As the accuracy metrics, the Dice similarity coefficient (DSC), average symmetric surface distance (ASSD [mm]) and surface distance deviation (SDD [mm]) between the predicted mask and the ground truth mask were employed. Assume A and B are two masks, these metrics are given by (1), (2) and (3), where S(A) and S(B) are the surface points of A and B, respectively, and d(a, S(B)) is the minimum Euclidian distance between the point a and the points on the surface S(B). We perform 5-fold cross-validation on 300 data sets, but due to limited time, only one-fold has finished at the time of submission. The result is shown in Table 2. Figure 2 shows the results with voxel-based rendering from three examples in the evaluation dataset.

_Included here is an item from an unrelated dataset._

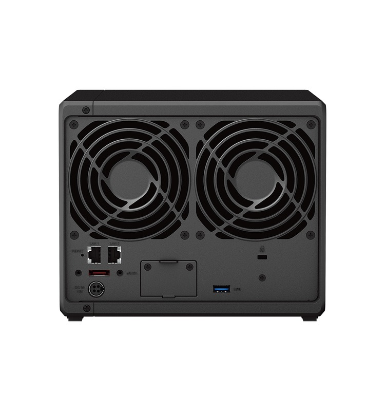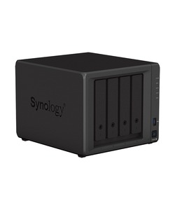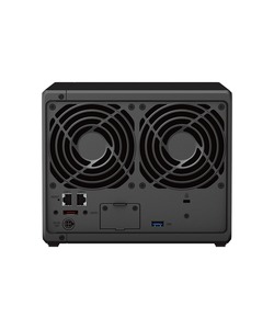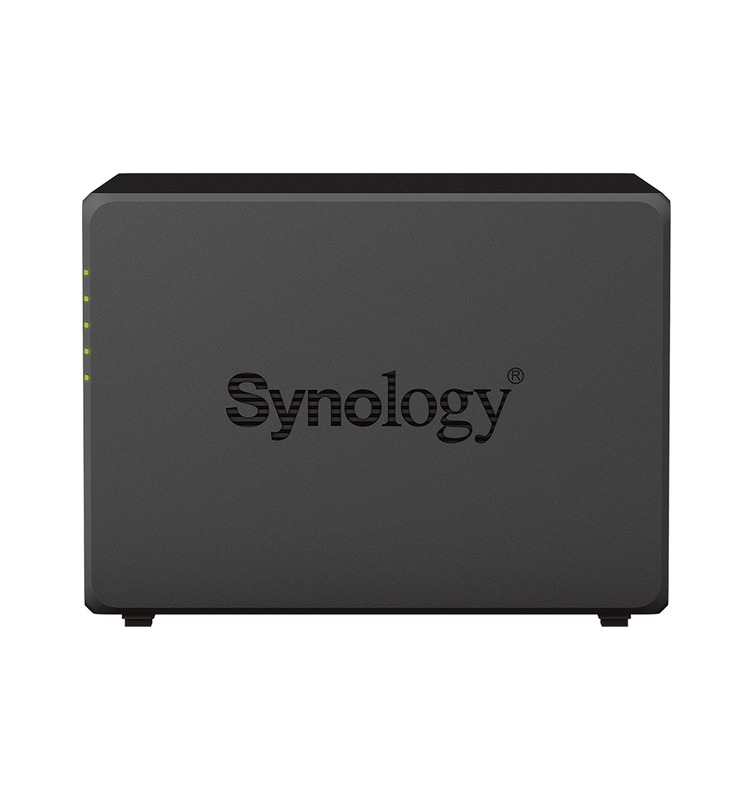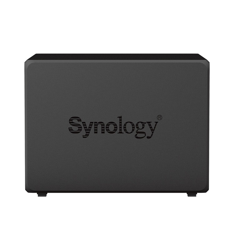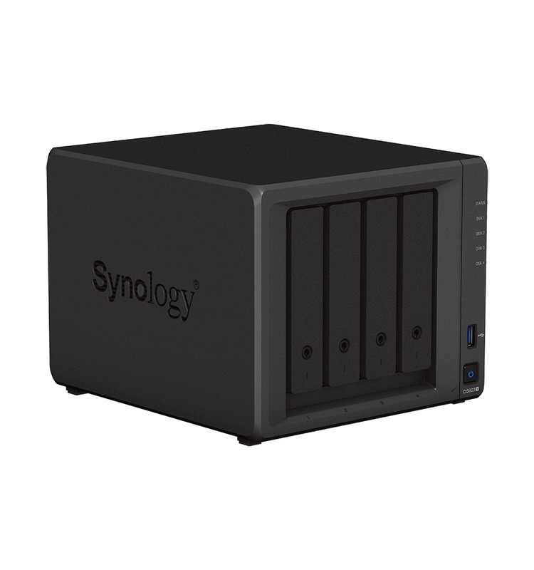 This network-attached storage system from Synology supports up to four 3.5-inch hard drives (HDDs) in a variety of RAID modes for redundancy and increased performance. It can connect to your network via built-in 1GbE ports or an optional 10GbE add-on NIC. There are also two M.2 slots for solid-state drives (SSDs) which can be used as high-speed cache for the main drive array.

Figure 3 shows the segmentation results on CT slices.

$${\text{DSC}} = \frac{{2\left( {A \cap B} \right)}}{A + B}$$

(1)

$${\text{ASSD}} = \frac{1}{{\left| {S\left( A \right)} \right| + \left| {S\left( B \right)} \right|}} \times \left( {\sum\nolimits_{a \in S\left( A \right)} {d\left( {a,S\left( B \right)} \right)} + \sum\nolimits_{b \in S\left( B \right)} {d\left( {b,S\left( A \right)} \right)} } \right)$$

(2)

$${\text{SDD}} = \sqrt {\frac{1}{{\left| {S\left( A \right)} \right| + \left| {S\left( B \right)} \right|}} \times \left( {\sum\nolimits_{a \in S\left( A \right)} {\left( {d\left( {a,S\left( B \right)} \right) - {\text{ASSD}}} \right)^{2} } + \sum\nolimits_{b \in S\left( B \right)} {\left( {d\left( {b,S\left( A \right)} \right) - {\text{ASSD}}} \right)^{2} } } \right)}$$

(3)

Table 2. Dice comparison on three structures

Fig. 2.

Segmentation results with voxel-based rendering from three examples in the evaluation dataset. For each example, the ground truth and the segmentation results are given for visual comparison. (yellow: cysts, red: kidney, brown: tumor) (Color figure online)

Fig. 3.

Segmentation results on CT slices. The two rows are the ground truth and segmentation results of our method. (yellow: cysts, red: kidney, brown: tumor) (Color figure online)

4 Discussion and Conclusion

We propose a three-step automatic segmentation method for kidney, tumor and cysts based on 3D U-Net. The results show that the average dice of our method for kidney, tumor and cysts is about 0.93,0.57,0.73. According to the final result, the average Dice, Surface Dice and Tumor Dice are respectively 0.781, 0.618, 0.660. The results show that the accuracy of our method on kidney is better than that of tumor and cysts. The region of the kidney can be accurately identified, but the accuracy of tumor and cysts is not satisfactory. As limited by the competition time, the neural network requires more time to be fully trained. Future work will focus on promoting accuracy of our method on the tumors and cysts.